What were your childhood dreams? I ask because I’m going there today. That’s where Wilma went, that’s where Denise went.
When I was a child, I had several dreams. I loved to sing and belted out Jesus Loves Me at the tender age of 5 for all of our neighborhood to hear. I thrived in chorus in high school, bringing in awards, so I thought I’d make it as a nationally (at least 😉 ) acclaimed singer. That didn’t happen. I was, however, the worship leader at a small country church for a time, did some traveling and singing with Mum, who is also a songwriter and musician, and sang “specials” at church up until about 10-15 years ago.
I must have dreamed about being a teacher because I remember lining up my stuffed animals and dolls as a child while I laboriously wrote out lessons on a chalk board and taught them. I would “graduate” from inanimate objects and go on to teach a girls class at church, teach at our homeschool co-op, teach our small Sunday evening Bible study group, and my most pleasurable and rewarding teaching experience of all, raising and nurturing my children.
I dreamed of being a writer. I was encouraged by two of my high school teachers to continue along that vein. I won some awards and was published in a magazine. You are reading me here now. That part of my life always seems to carry over from one chapter to the next.
Out of the things I listed above, my passion for life lies here, at home, with my people. Our former Pastor Chris got the biggest kick out of that, me walking through the church asking, “Has anyone seen my people?”

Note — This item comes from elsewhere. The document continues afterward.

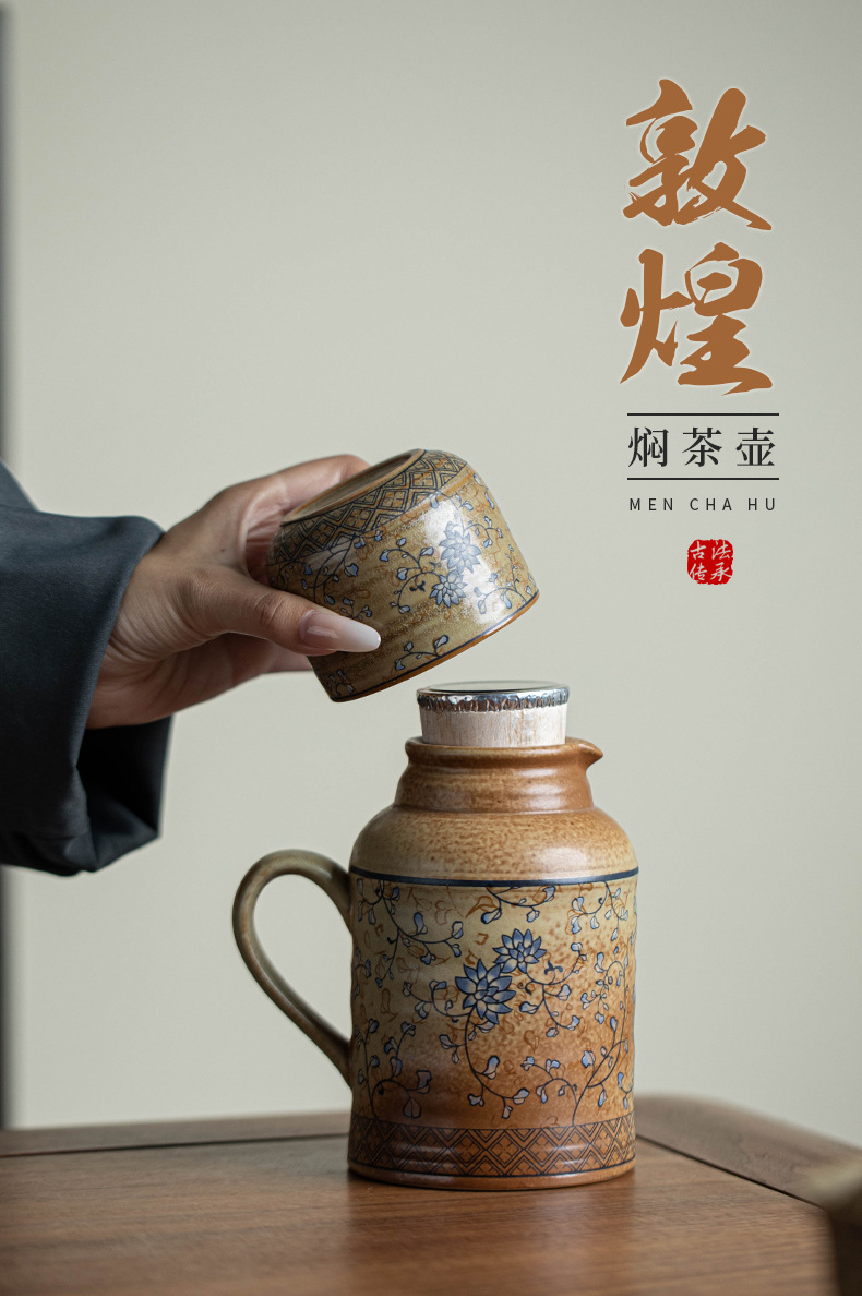 Ấm trà hầm Đôn Hoàng ấm trà gốm sứ dung tích lớn ấm đơn dụng cụ pha trà kung fu cổ điển văn phòng gia dụng ấm cách nhiệt pha trà
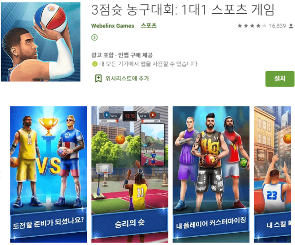**게임이름 3점슛 농구대회: 1대1 스포츠 게임

I once asked Bob, “Why did you want to get married?” I honestly thought sex would be part of his answer, at least in jest. Let’s be honest though, if he wasn’t willing to wait for me, he could have had sex anyway with someone else. He surprised me when he answered me in all seriousness, “I got married because I wanted a family.”
And that, dear readers, is where my heart resides: with family. At my core, since I was a child, I wanted to be married and have children. It is my desire to see married couples strengthened and parents once again treating children like the gifts from God that they are and encouraging them in the biblical training of their offspring.
I guess why this transition from young children to adult children is so hard, is because I was looking at this particular time in my life as being over. I’ve been looking through the wrong lens. I haven’t been seeing it as the experience necessary to pass on to other young families. And how about this? I can couple child rearing to marriage — 20+ years of it. Marriage is difficult at times. Some day I may share how we walked through a marriage riddled with landmines from an abusive past and capitalized on by a job that taxes the mental and emotional parts of a person to the point of destructive habits and divorce for many, and sometimes breakdown for others. The commitments we make may seem impossible to keep at times, but with God all things are possible.
You know, Bob’s reason for getting married is God’s reason for creating you and me. God wanted a family, someone He could talk to and dream with and work with and bless beyond all wildest imaginings. Yes, that’s you and that’s me. We’re God’s dream come true. Let’s start acting like it by joining together as we talk with God and explore the purpose, His dream, for our being here. And just maybe, during our journey of discovery, which might include the dreams of our youth, we may be healed.